Wszyscy w cieniu Moukoko

Wpadka Bayernu, słaby występ Roberta Lewandowskiego, cztery trafienia Erlinga Haalanda – to wszystko zostało przykryte przez najmłodszego gracza w historii Bundesligi.


Borussia przegrywała z Herthą do przerwy 0:1, lecz koniec końców w imponującym stylu odwróciła losy spotkania, wygrywając w Berlinie aż 5:2. Jeden z najlepszych występów w żółtej koszulce zaliczył Erling Haaland, który zdobył cztery bramki. „Stara dama” ze stolicy  Niemiec już drugi raz w tym sezonie jest „katowana” przez jednego zawodnika, czterokrotnie pokonującego jej bramkarza. Kilka tygodni temu uczynił to także Robert Lewandowski.

Największy talent świata

– W przerwie wypiłem Red Bulla, który dodał mi skrzydeł. Potem wszystko mi wychodziło – śmiał się po meczu norweski snajper Dortmundu, zaprzeczając także, że było to „podanie o pracę w RB Lipsk”, czyli klubie stworzonym przez austriacki koncern napojów energetycznych. – Cztery gole na dziś już wystarczą – cieszył się z wyczynu Haalanda trener Lucien Favre, nie unikając rzecz jasna pytań o młodego Youssoufę Moukoko, uważanego za gigantyczny talent napastnika, który wszedł w końcówce meczu z Herthą. Nie byłoby w tym nic wyjątkowego, gdyby nie fakt, że urodzony w Kamerunie młodzieżowy reprezentant Niemiec dzień przed spotkaniem obchodził 16. urodziny, dzięki czemu stał się najmłodszym graczem w historii Bundesligi.

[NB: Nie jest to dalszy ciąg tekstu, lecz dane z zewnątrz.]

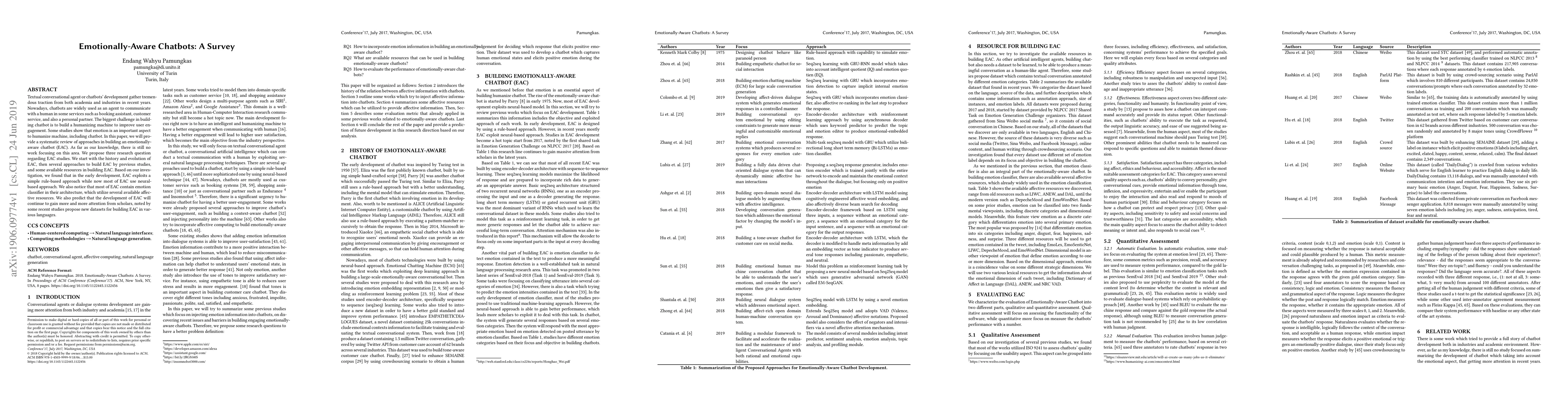 This research paper provides a systematic review of approaches to building emotionally-aware chatbots (EACs), highlighting the evolution from simple rule-based approaches to neural-based methods, with most EACs now incorporating emotion classifiers.

Jeszcze do niedawna przepisy – poza pewnymi wyjątkami – pozwalały na grę w lidze co najwyżej 17-latkom, ale Borussia bardzo mocno walczyła o poluzowanie tych zasad. – To było dla niego ważne, aby poczuł, że jest częścią pierwszej drużyny – mówił o debiucie Moukoko Favre. Szalone w całej tej sytuacji jest to, że 16-latek zmienił na boisku Haalanda, który wygląda przy nim jak stary wyjadacz, mimo że ma przecież… 20 lat. – Chciałbym kiedyś zagrać obok niego. Myślę, że jest obecnie największym talentem świata – chwalił kolegę Norweg.

– Co to była za noc! Bardzo się cieszę, że mogłem zadebiutować, ale jeszcze szczęśliwszy jestem z tych trzech zdobytych punktów. Dziękuję, dziękuję! – cieszył się Moukoko.

Zadowoleni z remisu

Radość i ekstaza nie towarzyszyły z kolei piłkarzom Bayernu Monachium. Po raz pierwszy od 10 lat nie udało im się wygrać z Werderem Brema. Końca dobiegła tym samym passa 22 wygranych z rzędu (liga i puchar), z których wiele dokonało się przy bawarskich koncertach strzeleckich. Bremeński trener Florian Kohfeldt przyznał po meczu, że nie wie, czy bardziej cieszy się z remisu 1:1, czy bardziej… opłakuje zmarnowane sytuacje – a tych Werder miał więcej niż Bayern. Gdyby przyjezdni z północy wywieźli z Monachium komplet punktów, nikt nie mógłby mieć specjalnych pretensji.

Gospodarze okazji prawie sobie nie kreowali, Robert Lewandowski był odcięty od gry i nie pokazał nic ciekawego. – Byliśmy poza grą, nie tworzyliśmy tylu sytuacji, co zazwyczaj. Musimy być zadowoleni z tego remisu – nie owijał w bawełnę trener Hansi Flick. Bayernowi udało się co prawda utrzymać fotel lidera, ale występ mistrzów pozostawiał mnóstwo do życzenia. Dziwić się temu specjalnie nie można, sezon jest bowiem długi i bardzo intensywny. Do 19 grudnia monachijczycy zagrają jeszcze 8 razy!


Na zdjęciu: Nawet selekcjoner Joachim Loew pochwalił swego czasu wielki talent Youssoufy Moukoko (na zdjęciu).